The children tended to stick together, and even when one of them detoured she would stop before getting too far away to call out to the others who more often than not followed, ducking into natural evergreen hideouts or gathering around to examine motes. Proceeding in this manner we eventually came to our destination at the farthest corner of this epic place, dropping to their knees around the rock under which they had left the dead mouse, heads together. Carefully, they lifted the rock to find that the mouse was gone! They huddled together for some time discussing this great mystery. They rejected the notion that it had been eaten by some scavenger, agreeing among themselves that the mouse had somehow moved itself. They did find a small bit that they thought might be the tail or a leg, but one boy pointed out that he saw no blood, so how could that be part of the mouse? Clearly, it had moved itself, and he dropped the "tail" unceremoniously into the leaves and moss underfoot.


The adventure home, in the spirit of all the great sagas, was even longer than our outbound journey. We stopped at the "magic tree," we saw faces in both stone and wood. We discovered a shopping cart that some mischief maker must have tossed over the fence. We stopped at the "fairies' rock." The story is that when the new pedestrian/bicycle roadway was built along this side of the property, the fairies who called this rock home didn't want to be left outside the fence, so a crane had lifted it into its current place. In this land in which some 80 percent of the population claims to believe in the existence of the "hidden people," and where it is common to design buildings around certain rocks so as not to offend the trolls, it was no surprise when their teacher told us with a straight face that the fairy story was "probably true."


When we came to the fields we played chasing games.
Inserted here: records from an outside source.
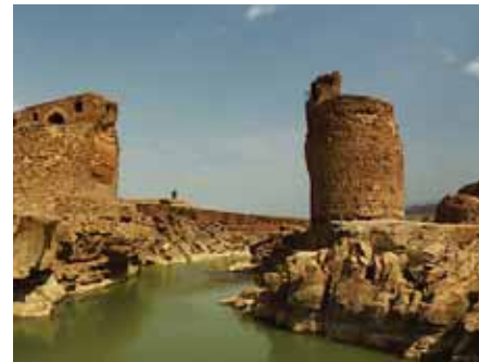
پل گاومیشان معماری دوره ساسانی در مسیر رود سمیره

برومندان: دانش‌آموزی که هنوز رنگ سرد و گرم تعادل، ریتم، نظم و ترکیب را یاد نگرفته، چطور می‌تواند تصویرسازی را خیلی ساده و خیلی خلاقانه انجام دهد؟
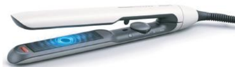
PHILIPS ALISADOR MOD BHS515/00
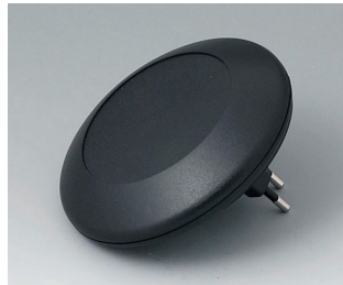
B5011229 ART-CASE R110 F PC+ABS (UL 94 V-0) black RAL 9005 ø110x38mm IP 40
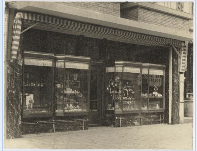
1932 De nieuwe winkel aan de Gedempte Gracht 16
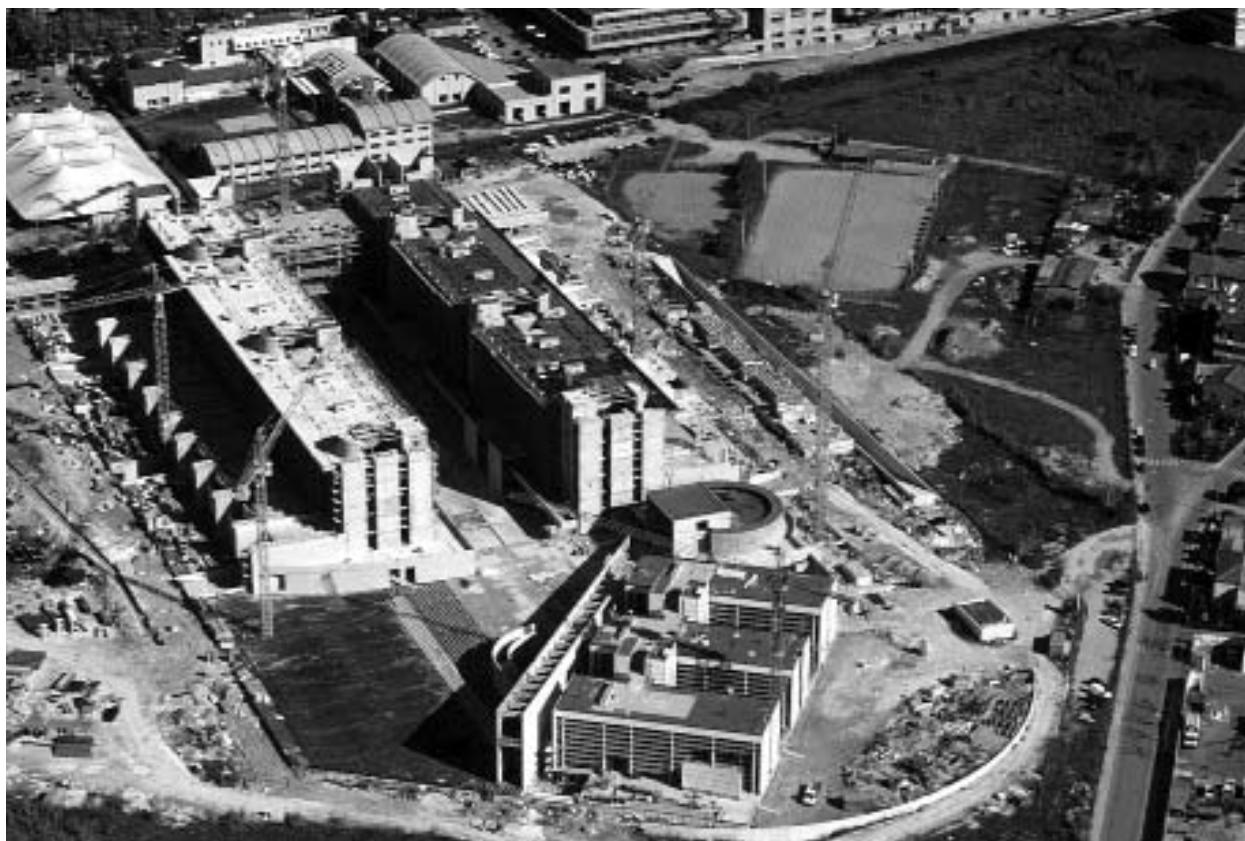
Pescara, nuova sede degli Uffici Giudiziari

La città si trasforma anche se ci si limita ai soli interventi di adeguamento e di manutenzione,
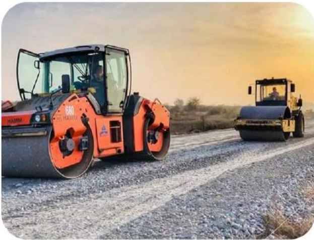
Travaux de Construction de route Ghana
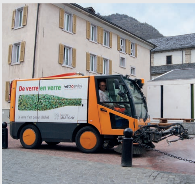
Bernard Mock, employé municipal, aux commandes de l'un des deux véhicules balisés pour susciter les bons comportements.
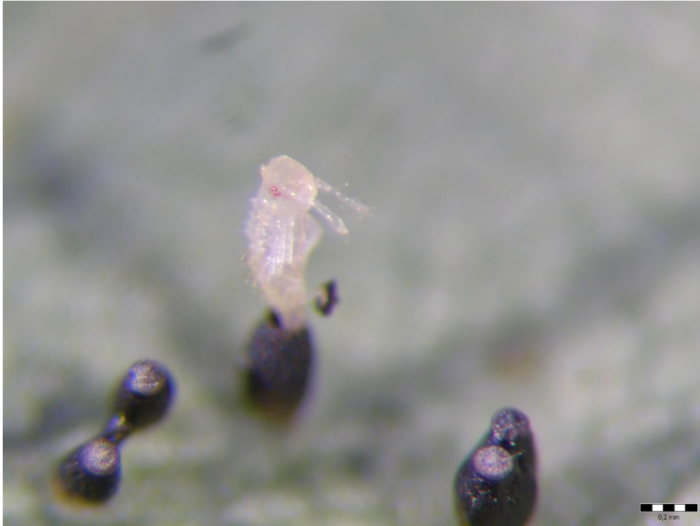
Slika 12. Izlazak ličinke iz jaja
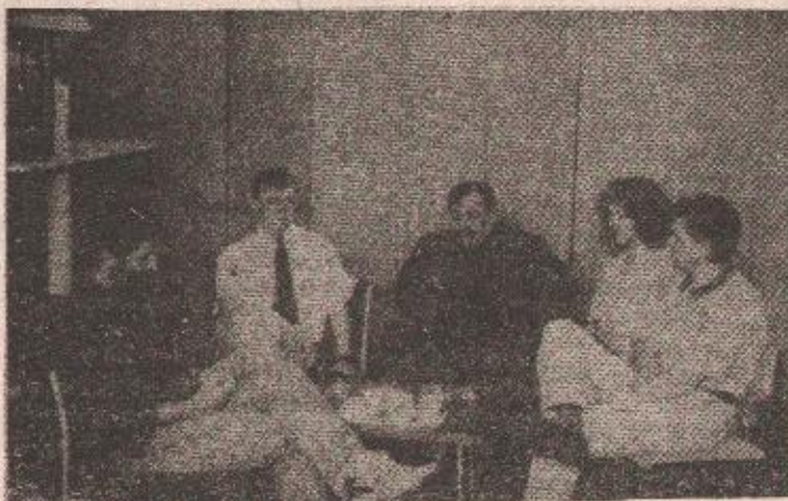
У Редакцији „Гласа српског“ све дефинисано за Книн
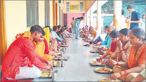
गुरु पूर्णिमा पर आयोजित भंडारे में प्रसाद पाते गायत्री परिजन।
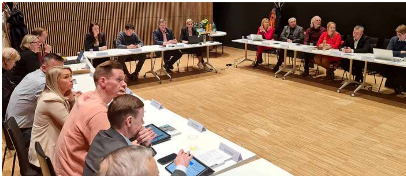
Vallavalikogu istung.

Eelmisel aastal riigikogus vastu võetud seadus näeb ette maaomanikele maamaksu tõusu vastu kaitsemeetmed. Maamaksu liiga järsu tõusu väitmiseks on kehtestatud kümneprotsendine piirmäär. See tähendab, et maamaks ei saa eelmise aastaga võrreldes suurendada rohkem kui kümme protsenti aastas. Lisaks säilivad ka kõik senised maksusoodustused ja -vabastused, sealhulgas koduomanike ja represseeritu maksuvabastus. Jätkuvalt on koduomanikud Viimsi vallas
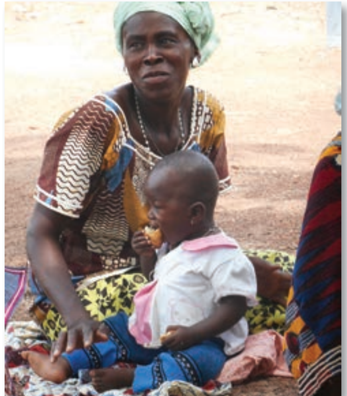
Une femme et son enfant du village de Sogossagasso.

Cette expérience m'a ouvert les yeux sur des choses qui me semblaient évidentes avant mon départ, mais que je vois à présent d'un tout nouveau point de vue. Cela m'a également permis de mieux apprécier ce que j'ai, à m'attarder sur les petites joies de la vie et à garder les pieds sur terre au lieu de vouloir toujours voir plus grand. C'est une aventure que je conseillerais à tous et à chacun.
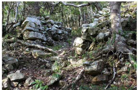
頂上部への入り口
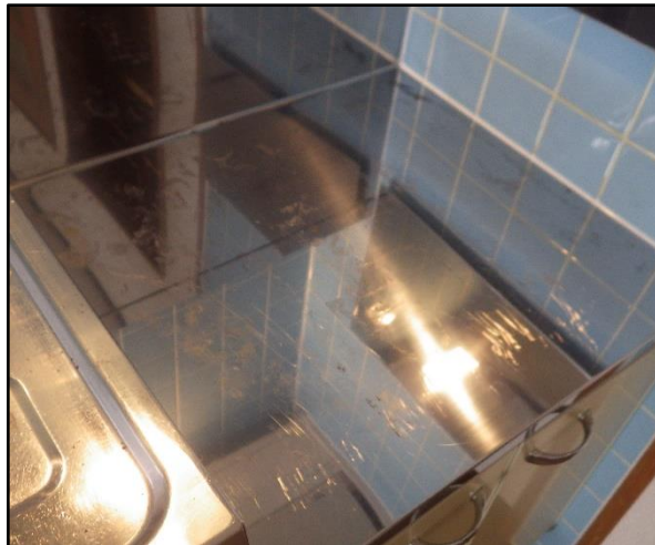
A : コンロ台 錆汚れがあります
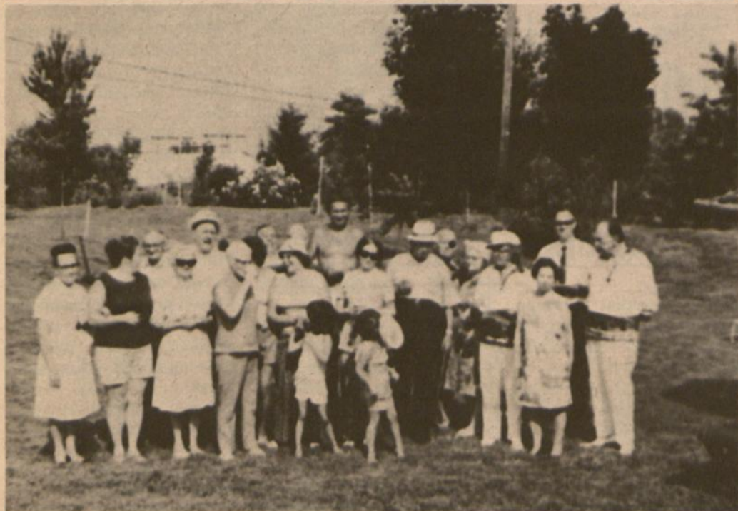
Baltimorės tautininkai iškyloje Grintalių sodyboje.
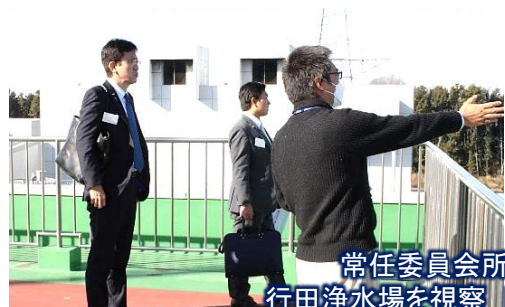
常任委員会所管事務調査 行田浄水場を視察 県水の現状を確認
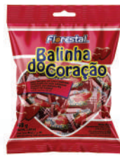
Bala Coração Morango 82513 | 48g
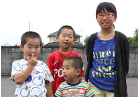
渋谷4兄弟は地域に見守られ、成長中です

「コツコツやってきたおかげで活動が根付いてきました。今や参加者にとっては生活習慣の一つ。地区外の人にも巻き込みながら続けていきたいです」
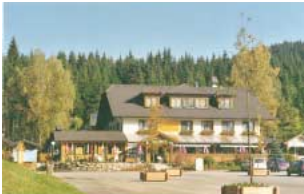
Saftige Umsatzsteigerungen gab es für den Sternsteinhof der Familie Riepl in Bad Leonfelden-Oberlaimbach durch die Umsetzung des EnergyManagement-Konzepts von Qi-Balance

Plätzen befinden, TV-Apparate so platziert werden, dass sie mit der Gehäuserückseite nicht direkt an der Wand stehen, wo sich im nächsten Zimmer der Kopfteil des Gästebettes befindet. Kunstfasern sind zu meiden, um die elektrostatische Aufladung gering zu halten.
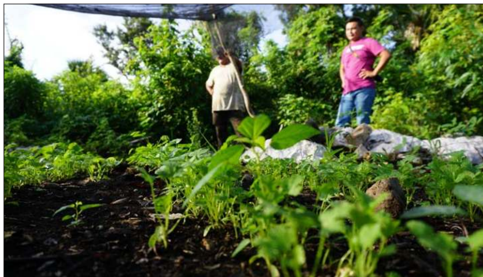
▲ Del sector agropecuario dependen económicamente 19% de los hogares mexicanos.

Asimismo, el campo mexicano comprende el
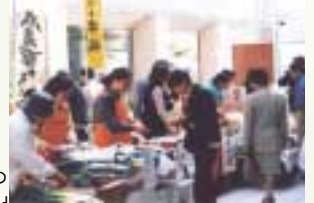
昨年開催の「森から始まる食のバザール」
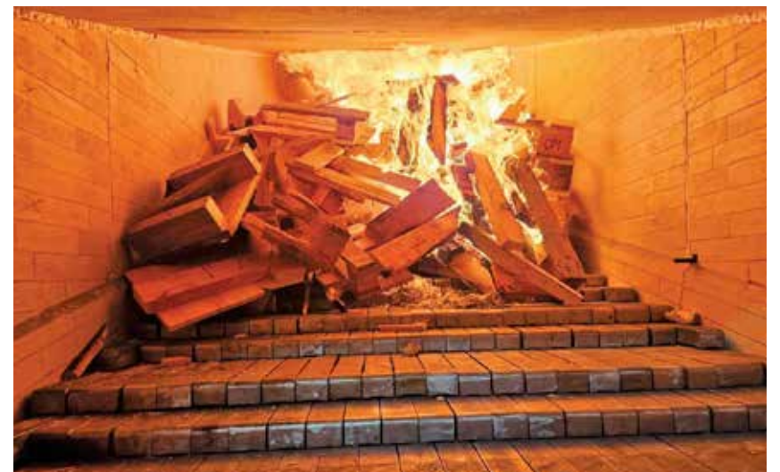
Fokus Pet let Javnega holdinga Maribor Oglasna priloga Izdal: Večer mediji, september 2025
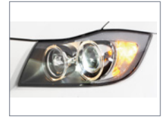
Gros plan - Phare
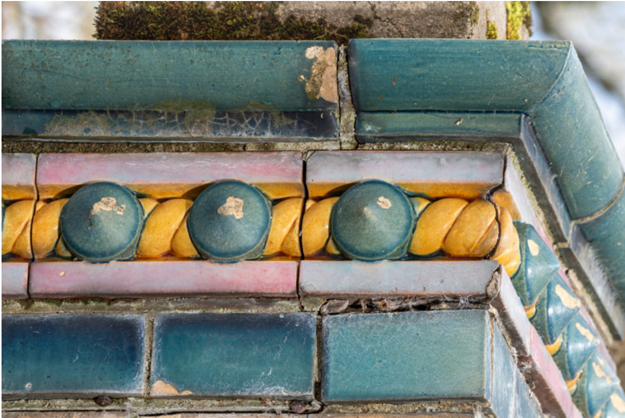
Décor de céramique de l'entablement, détail : frise (corde et cabochons).

58, Pougues-les-Eaux, 130 avenue de Paris, lieudit : La Montjaie
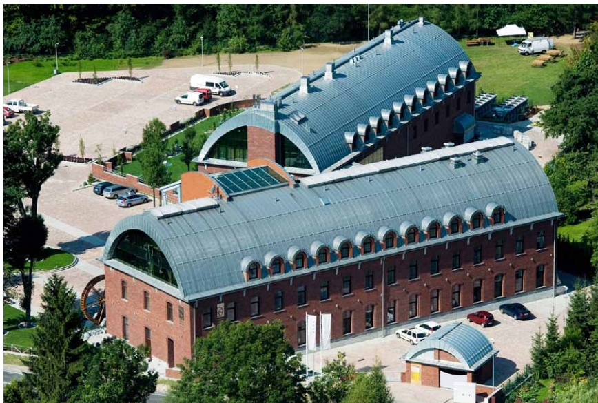
Jaroszowice, Młyn Jacka Hotel & Spa****, autor: Dipl. Ing. Andrzej Spisak

When we came to a thicket of trees, we made the sounds of police sirens (something learned not from the reality of Reykjavik where crime is rare, but rather from television) and the children took turns being arrested and placed in a jail of trees. And whenever we came to ice, they secretly tasted it.


We tend to misuse the word "myth," I think, using it most often as a synonym for "false," when in fact mythology is really all about truth, or at least the quest for truth. Those ancient sagas tell of humans exploring, discovering, and striving to make sense of the world. It is therefore "probably true" that there are fairies and trolls, just as it is "probably true" that the mouse moved itself. Of course, these truths may not be confirmed by our modern scientific understanding, but that doesn't mean that our myths do not likewise reveal a perspective on truth that eludes the scientific method. This is probably true.